The weather is fine as I leave Langport at 8.30 on Monday morning for what is, indisputably, the Championship decider, but the forecast is grim.  It is hard to see how Somerset are going to be able to take the 20 Essex wickets they need in the intervals between the heavy rain, light rain, showers and thundery showers that we are promised over the course of the next four days, and expectations are moderated accordingly.

But at least Tom Abell wins the toss and Somerset can bat first.  The only scenario that could reasonably end in the win we need is runs on the board, and then lots of Essex wickets, with or without Somerset having to bat again. The pitch, which is the same one used for a World Cup game and the Women's Ashes Test, looks bare of grass. There's not much doubt that it will take spin - hopefully not too extravagantly, given that Somerset still have a final warning hanging over them from last season's tie with Lancashire. How ironic to win the game, and then lose the Championship by virtue of penalty points! Our two BBC Essex commentators, Nick Gledhill and Dick Davies, are doing their best to keep broad grins off their faces at a combination of the memory of Saturday night's Vitality Blast last ball triumph at Edgbaston and the weather forecast, but the mood in the Essex camp is clearly sky-high, hangovers notwithstanding!

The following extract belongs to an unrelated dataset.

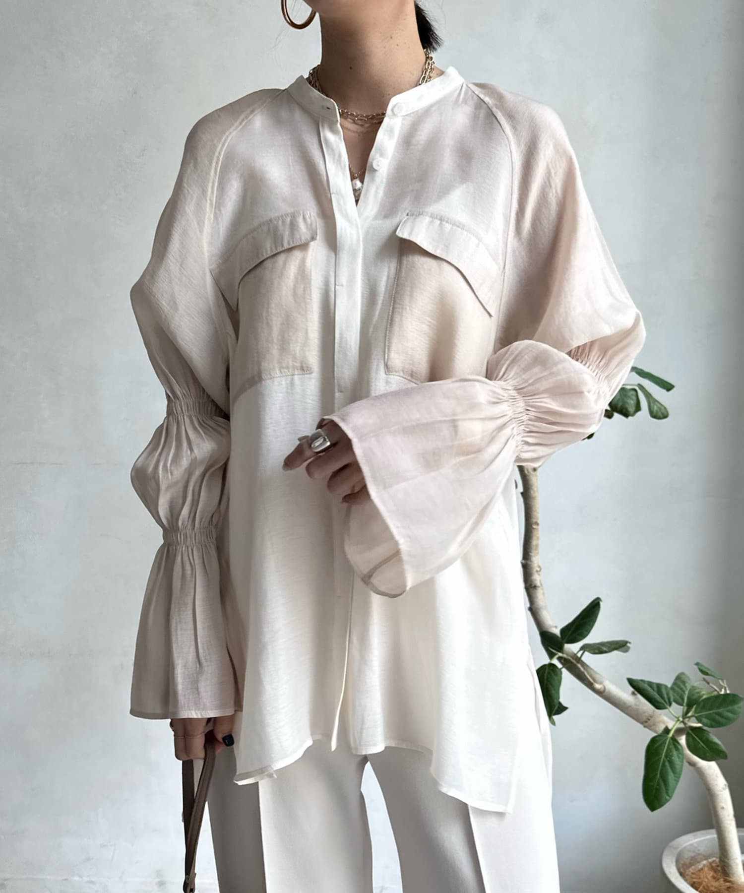 1枚で決まるシアー×バイカラーのトレンド要素が詰まったブラウスが登場しました。

The Somerset innings starts all too typically, both openers back in the pavilion inside four overs, and the dreaded Simon Harmer - 78 Championship wickets to his name - not even into the attack yet.  Hildreth and Abell re-build intelligently, the former using his feet to try and disrupt the Essex bowlers' lengths. but when Harmer does come on, batting immediately looks very difficult indeed, with inconsistent bounce to go with occasionally sharp turn. He strikes twice in the 21st over - Hildreth LBW to one that turned just enough to beat the inside edge,  Banton going in similar fashion to just his second ball.  Bartlett survives what is almost a chance to backward short-leg, again off that man Harmer, and it is almost a relief when the rain arrives at 12.15 and off they go.  That'll be it for the day, I pronounce.

However, there is plenty to occupy us in the several hours that will inevitably elapse, given the presence of Sky TV, before the umpires call time for the day.  First, there is a presentation to Marcus Trescothick, to mark his retirement at the end of his 27th year in Somerset colours.  In all forms, he has played 618 games for his county, scoring (by my reckoning) 29198 runs and taking 618 catches, his 445 in first-class cricket being 52 more than the next man, the great J C 'Farmer' White, and he played 409 first-class games for Somerset, as against Banger's 296.  That record may one day be beaten, but one that I'm fairly sure won't be is his longevity with just one county.  Even the best players don't go on for anything like as long as they used to (Ted Tyler played his last game for Somerset at the age of 55), and they switch counties far more than used to be the case.

It is sad that Marcus' Somerset playing career should have ended in anticlimax - just a handful of runs, and being given out caught off his thigh pad at Guildford in his final innings. More than one of his legion of faithful followers points out to me that, loss of form or not,  he might just as well have been played in this game, given that the no doubt expensively acquired Murali Vijay has only added six to his tally of 36 runs in his seven innings.  But we can console ourselves with so many memories of Trescothick's 'bucolic majesty'.  I shall be able to picture him at the crease until the day I die.  And, even better, he'll certainly not be lost to either the game, or to Somerset. A career in coaching beckons, and if he's half as good at helping other batsmen as he has been at scoring runs himself, he'll be a very good coach indeed.  So au revoir Banger.  It has a pleasure and a privilege to have been able to watch you bat - and catch - these last 27 seasons.

In the temporary press box - acquired to house the unprecedented (in recent times) number of national correspondents who've descended on the County Ground - conversation turns to other departures.  We know Tim Groenewald is off, to Kent, after four and a half seasons of honest toil, while Yorkshire are apparently keenly interested in Eddie Byrom (as well as Dom Bess).  There is even a suggestion that Steve Davies may be on his way, having scored nothing like the weight of runs that was expected of him when he joined us from Surrey in 2017. The option would have been to give the gloves to Banton, but that's suddenly looking not such a bright idea, given that he and Lewis Gregory have both been selected for the England T20 squad for the series in New Zealand in November.  That, in turn, could mean an IPL contract for either or both them, and that would rule them out for the first part of Somerset's 2020 Championship campaign.  Still, I'm delighted for the pair of them and their selections do perhaps show that the selectors don't always focus on just one end of the M4.

The rain eases briefly in mid-afternoon, but any slim hops of play are swiftly dashed when the clouds roll in again, and the umpires call things off at 4.45.  In the interview room afterwards, James Hildreth confirms both the Somerset strategy and the fact that the pitch is taking spin.  He is up-beat about the meteorological prospects for play tomorrow. I wish I shared his confidence!